Biólogo teme por reprodução de peixes

José Luiz Medeiros/DC
Anderson Pereira, de 10 anos, e Jéferson Oliveira,9, que pescam juntos há um ano: curimbatás por R$ 0,50
O futuro dos peixes do rio Cuiabá depende do manejo da vazão da água liberada pela barragem de Manso, a partir do funcionamento da usina. Para o biólogo José Augusto Ferraz de Lima, coordenador do Núcleo de Pesquisas Ambientais e Recursos Hídricos do Ibama, se tal procedimento tiver como meta apenas a geração de energia, a reprodução dos peixes será novamente prejudicada.

“Nunca mais o rio vai voltar à normalidade e vamos ter que conviver com isso. Podemos, no entanto, implantar medidas para mitigar os danos causados pela obra”, defende o biólogo, uma das maiores autoridades em peixes do Pantanal no mundo. “O manejo de vazão é uma forma de fazer isso. Mas a empresa terá que decidir se o manejo será em função dos peixes ou em função da geração de energia. Disso vai depender o futuro das espécies”.

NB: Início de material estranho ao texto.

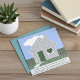 Eine personalisierte Gratulationskarte für einen neuen Hausbesitzer mit einem charmanten Design, das die Freude an einer neuen Zuhause feiert. Im Mittelpunkt steht die kreative Typografie, die herzerwärmende Phrasen über Zuhause zeigt, wunderschön überlagert auf einem malerischen Foto eines mit einem Herz geschmückten Hauses, einem fröhlichen Vogel im Vorgarten und einem blauen Himmel. Das Design beinhaltet auch ein benutzerdefinierbares Typografie-Feld, das persönliche Nachrichten oder andere individuelle Anpassungen ermöglicht, um die Karte noch attraktiver zu machen. © Wafa Y. Dahdal - Alle Rechte vorbehalten. WD Art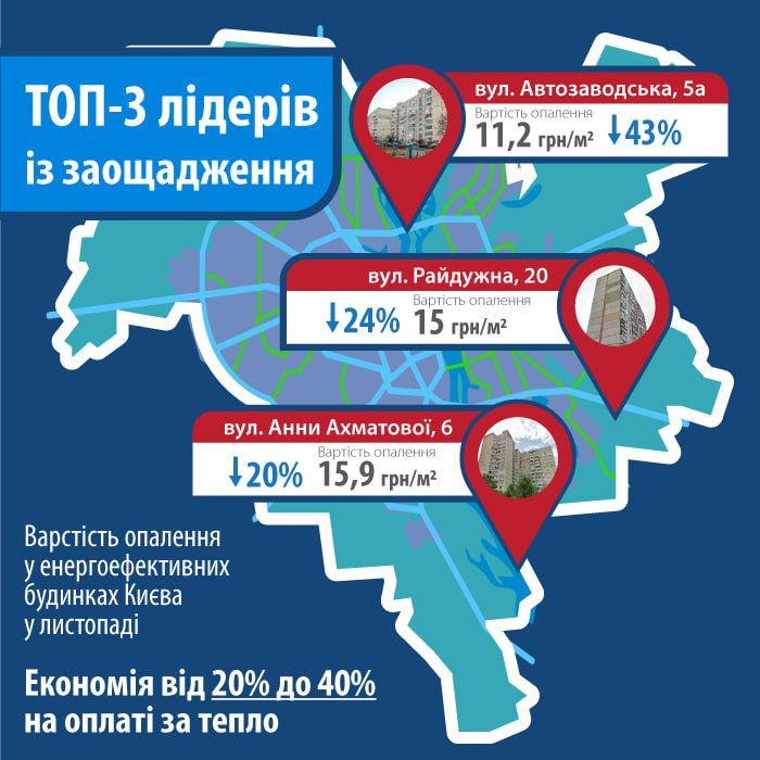 У листопаді вартість опалення одного квадратного метра в енергоефективних будинках становила близько 11–16 гривень. Для порівняння, мешканці інших багатоповерхівок, що не провели енергомодернізацію, платили в середньому по 19,8 гривні за метр.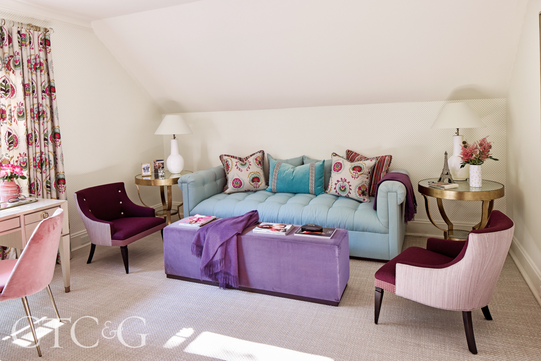For years, Banks had kept in storage two colorful French paintings she had bought never knowing where they might wind up, but confident they were fine pieces worthy of the right interior. “Those two paintings were perfect for this living room,” explains Banks. “They were the drivers for the interior palette of the rest of the house. The colors are the thread that carries through room to room.”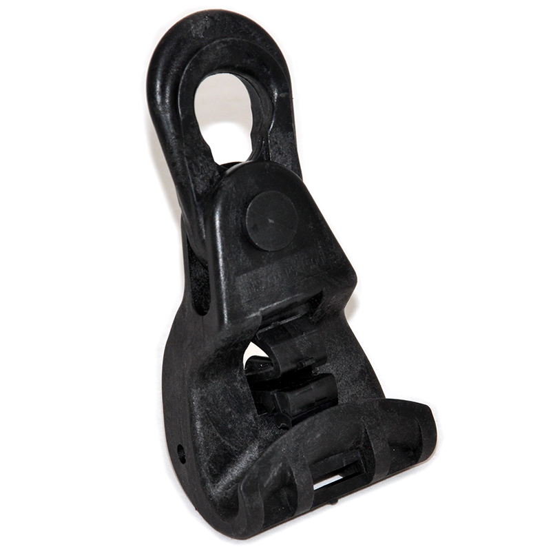 Установка зажима производится на кронштейны с диаметром крюка до 16 мм без применения инструментов. Зажим изготовлен из пластмассы, армированной стекловолокном.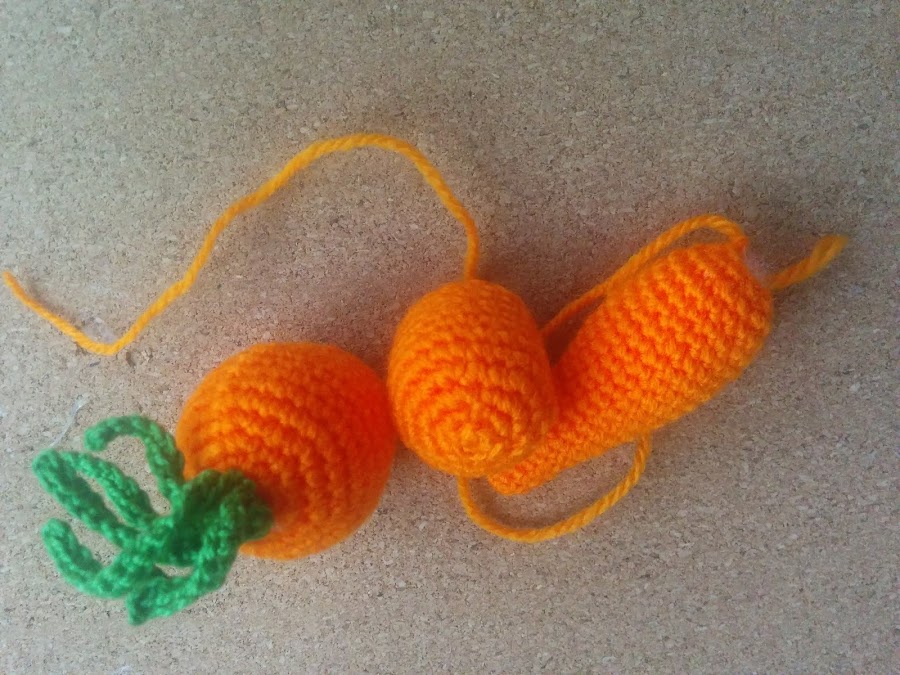 Las zanahorias también son muy sencillas, la completa es simplemente ir aumentando desde un anillo mágico de 6 puntos, pero sin aumentar en todas las vueltas para hacer la forma alargada. Las otras dos son similares pero simplemente cortadas a la mitad. Las raíces verdes son cadenetas y la vuelta de puntos bajos.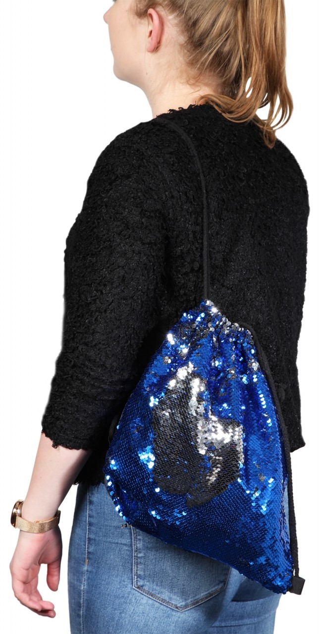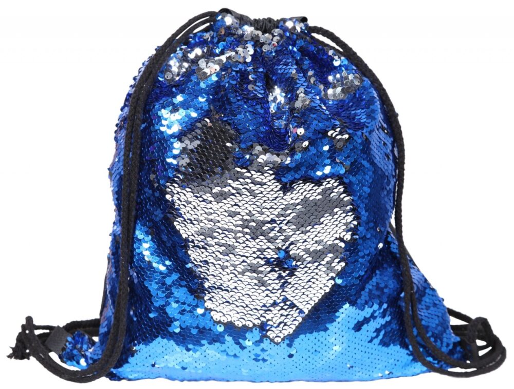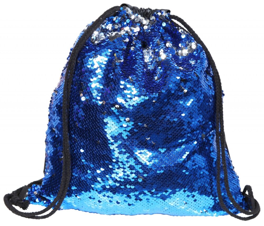 Mestre Artesão® Saco Mochila Azul em Tecido e Lantejoulas - 0144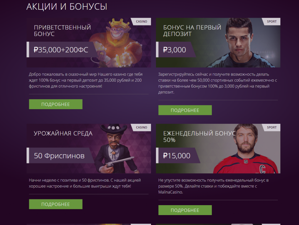 Казино малина бонусы и зеркало официального сайта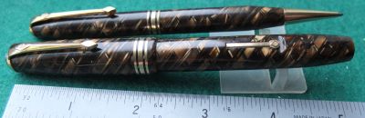 con366: A very nice condition CS58 fountain pen and pencil set in Tigers Eye finish with gold-plated trim; the pen has a medium grade 14ct gold Duro nib; it writes nicely; boxed too £315.00 SOLD |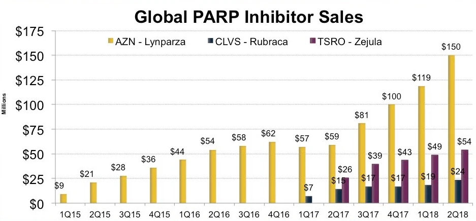 Gegen die starke Marktposition vom Pharma-Konzern Astrazeneca können sich Tesaro und Clovis Oncology nicht durchsetzen. Das Wachstum der zwei kleineren Biotech-Gesellschaften ist einfach nur enttäuschend. Lynparza von Astrazeneca hingegen verzeichnet kräftige Zuwächse und befindet sich auf dem besten Wege, zum Blockbuster zu reifen.

Toda a vida dos peixes da bacia do Cuiabá depende das flutuações de secas e cheias. Se não houver enchente, diz Ferraz, o ciclo biológico não se completa. “A usina de Manso é um fator que influencia fortemente o ciclo. A desova passada foi prejudicada pelo fechamento das comportas e esses níveis de prejuízo você só vê mais tarde”.

A promessa de furnas de que natureza vai adaptar à nova condição, recuperando a capacidade de manter seus estoques pesqueiros, é questionada pelo biólogo. Para Ferraz, o argumento tem fundamento científico, mas revela apenas um lado da questão.

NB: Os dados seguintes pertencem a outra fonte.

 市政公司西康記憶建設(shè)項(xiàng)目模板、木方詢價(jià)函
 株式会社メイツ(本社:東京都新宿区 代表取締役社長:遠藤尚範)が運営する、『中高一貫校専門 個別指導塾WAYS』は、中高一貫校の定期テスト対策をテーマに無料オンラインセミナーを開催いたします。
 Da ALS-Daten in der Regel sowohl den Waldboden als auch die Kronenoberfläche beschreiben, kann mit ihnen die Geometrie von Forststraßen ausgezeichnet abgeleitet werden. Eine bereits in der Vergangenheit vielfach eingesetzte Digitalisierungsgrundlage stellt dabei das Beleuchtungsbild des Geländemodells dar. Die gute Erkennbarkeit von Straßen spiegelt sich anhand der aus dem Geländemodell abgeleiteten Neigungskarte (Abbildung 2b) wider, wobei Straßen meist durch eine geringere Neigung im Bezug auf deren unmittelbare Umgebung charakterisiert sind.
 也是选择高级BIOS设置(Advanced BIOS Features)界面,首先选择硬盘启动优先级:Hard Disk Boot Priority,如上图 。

“Se eu cortar as minhas pernas, vou passar um período de recuperação e adaptação, mas nunca mais vou me locomover como antes. Isso tem que ficar claro”, comparou o biólogo. “Todo mundo sabia que os impactos eram inevitáveis. O que defendíamos é que a usina não fosse construída”.

Maior agressão isolada, a Usina de Manso não é a única responsável pelo sumiço dos peixes na bacia do Cuiabá. Em seus 934 quilômetros de extensão, o curso d’água sofre agressões que também influenciam na sua piscosidade.

Entre as principais estão diques, desmatamentos ciliares, mudanças no curso da água, descarga de esgotos doméstico e industrial, a pesca predatória e desordenada, dragagens e o assoreamento. “Há um grande acúmulo de matéria orgânica, a pressão de captura em cima dos cardumes é grande e até mesmo a quantidade de lanchas que navegam no rio hoje é prejudicial aos peixes”.

Pela ordem, os fatores que mais determinam a diminuição dos estoques pesqueiros são alterações no ambiente, pressão de captura comercial e a introdução de espécies exóticas. Segundo Ferraz, o Pantanal tem características que tornam esta regra ainda mais rígida. “O Pantanal começa e termina em água. Se você altera de alguma forma o curso de água dos seus afluentes, altera todo o ecossistema”, diz.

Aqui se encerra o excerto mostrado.